Elisa Shua Dusapin's debut novel, Winter in Sockcho (2016, tr. 2020) has won some attention some awards including National Book Award, lit in tro. tr Aneesa Abbas Higgins, from the Korean) but I guess I am not the right reader for this very short book, barely a novel - congratulations to anyone finishing/publishing his/her/their first novel, but really what’s happening in this one other than a few snapshots of contemporary life in South Korea (at the border with NK, in fact) and much mention of exotica concerning Korean food and diet? Transpose this novel, to, say, Oklahoma City, and it would get no notice or attention, I believe. The main problem - and I didn’t quite finish reading the work, so pardon me - is that nothing happens. The story line such as it is: A Korean woman working house at the front office a small hotel becomes friendly with one of the guests, a cartoon artist from France. They go on a few excursions, including highly controlled tour of NK - but no encounter leads to anything. I won’t belabor this point any longer, but have to note that the most notable feature of the writing is a scorn for complete sentences - which makes the novel feel static and flat, kind of like a gigantic text message. I’m sorry, I have some sympathy for all debut novelists, but ESD doesn’t really need my sympathy or support; she has obviously found her readership, and I step aside and recognize that not all books are for all readers.

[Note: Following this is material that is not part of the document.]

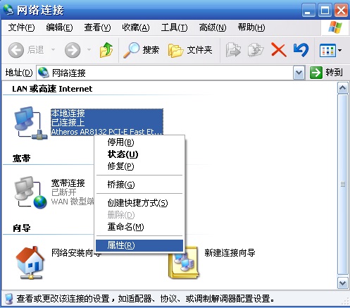 第二步:点击“本地连接” 右键“属性”。

I liked a lot of things about Greg Jackson’s story in current New Yorker, The Hollow, in particular how he sketches in and then develops an unusual character, in this case a young man who is a football player in college, named Jonah Valente but who also has a# of monikers, who give up football to pursue a passion and a career as an artist, in thrall to Van Gogh and Picasso. We don’t understand much about this character at first - and we learn of him, in fact of the whole story, from a distant first-person narrator - he seems to be one of the crowd of students but has no distinct personality of definition of his own - and we follow this student and one of his friends into the post-college years, where Jonah seems to lose his bearings and his friend, after initial marital and career troubles, seems to have found solid ground. In other words, there’s a lot packed into this story, which I admire, but it does feel like a novel waiting to be born, as we end up not with a bang but a whimper and still wondering about Jonah and his fate. That may be good - too many stories just end like a wisp of smoke - but I felt at the end as if this was a pretty long piece that didn’t bring me anywhere, not anywhere near a conclusion at least. Still, a nice accomplishment and a young writer worth watching.